Chiming in here to co-sign @ProofOfKeags's comment above. We need to zoom out a bit to do some more upfront planning to make sure each PR that progressively implements and integrates this feature is well scoped.
In the first phase (this PR), we just want to be able to read and write the blobs we store with the remote peer (and them for us) that we have/had channels open with. This can be shipped by itself, as it implements the generic protocol feature, but doesn't add any lnd specific logic yet. He's describe this phase above, and it can be broken down into two PRs as noted.
In the second phase, we'll start to actually store our lnd-specific data amongst our supporting peers. We need to deploy the first phase before this, as otherwise there'll be no nodes out there we can use to implement and test this PR in the wild. In this phase, we'll need to do some upfront design to determine how we select a peer for storage (maybe we only want high uptime peers as an example), and also how we select which SCBs to store with which peers (see the RAID striping idea in this issue).
In the third phase, we'd combine the work in the prior phases to implement the peer storage aware SCB recovery. At this point, we're storing blobs for recovery with our peers. If we assume a user only has a seed, then we can use the channel graph to try to find our old channel peers, crawling each peer until we think we have a complete SCB picture. These blobs can then be used to boostrap the SCB protocol as we know it today.
In a fourth later phase, we can implement the ideas on #8472 to start to store HTLC state on a best effort basis. This changes more frequently (potentially several times a second, or even minute) so we need something to aggregate the updates, upload them, and then later on sweeper awareness to start sweeping the HTLCs.
Okay thank you @Roasbeef and @ProofOfKeags
In the Start method of the Brontide add logic after loadActiveChannels that if there are any active channels, we yield to them your_peer_storage if we have one on file.
What about if we still have their blob on file but no active channels with the peer? I think we should still send it since it has not been cleared yet.
That means we would only advertise one feature bit for this PR, the one that advertises that we are storing other peer's data, right?
I would also like to understand why we would prefer using kvdb over files to store the data.
Thank you.
What about if we still have their blob on file but no active channels with the peer? I think we should still send it since it has not been cleared yet.
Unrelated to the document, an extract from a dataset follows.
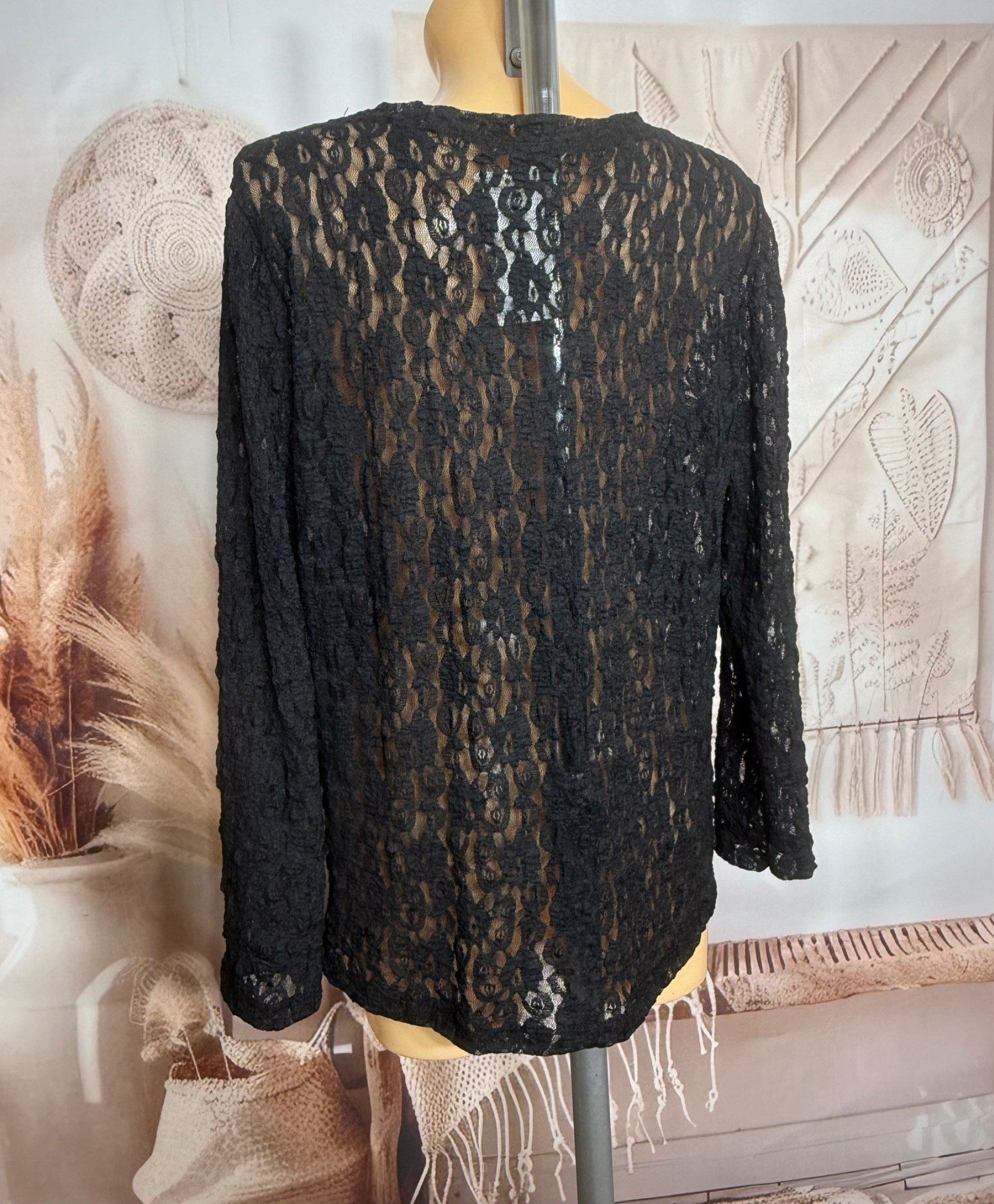 Top dentelle noire Col arrondi manches longues confort +++ du 36 au 48

Yeah this is perfectly alright to include in this PR. We can provide it if we have it on file and then it can be up to us to clear that data when we deem appropriate (taking into account the 2016 block delay recommended in the spec).
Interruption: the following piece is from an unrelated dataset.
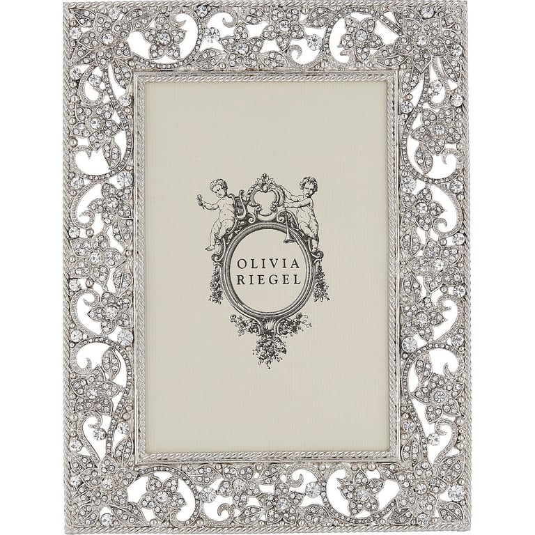 Main view Product Details Olivia Riegel Silver Flora 4x6 Frame by Olivia Riegel® — Silver finished pewter floral pattern, richly encrusted with hand-set clear European crystals. Elegant gray hued moiré silk back, with easel designed for vertical or horizontal placement. Beveled glass. Tarnish resistant. Signature luxury gift box included. An original design frame from the Olivia Riegel® collection Silver Flora 4x6 Frame by Olivia Riegel® OLIVIA RIEGEL® WINTER Savings- Buy More / Save More * Add this item to your cart for the full details of this promotion. Conditions may apply. Model #851090000667 $195.00 This item IS in stock and can be expected to ship 02/03/2026 Your Price Match is Active Your request for a price of $0.00 for a minimum quantity of has been accepted. You have [time] left to purchase this item for $0.00 instead of $195.00 each. Find a Lower Price? We BEAT All Authorized Retailers [?] FEATURESDisplays:4"x6"Material:Jewels/crystalFinish:SilverOccasion:Anniversary, Birthday, Congratulations, Engagement, Home decorating, Mother`s Day, Romantic, Valentine`s Day, WeddingStyle:Classic, Ornate, Romantic, TraditionalBrand:Olivia RiegelDisplay Type:Desktop Only Approx. Overall Dimensions:6 1/4"x8 1/4" This item ships in its own box SHARE THIS ITEM Share on Facebook

I would also like to understand why we would prefer using kvdb over files to store the data.
We use kvdb for just about all of our persistence in LND. The SCB file is an exception and that exception is made due to its use context. In the case of SCB we want to partition it away from other node state so that users can easily save it to another storage medium. We do not need that as a property of this system here because users need not back up the data our peers send us here.
That said, if you do your interface design well we should be able to easily interchange between a file based and a kvdb based scheme with minimal consequences to the contact surface between this code and the rest of the codebase. 🙂
I do not know if we should use a garbageCollector or let the node operator themselves make a decision that they would like to release their peer storage via issuing an lncli command. The spec does say at least, so maybe we can leave it for the node operator to decide.
Should this be made optional? like an lnd config indicating if a node wants to store backup for other peers?
I have no idea why there is this error, this is actually defined.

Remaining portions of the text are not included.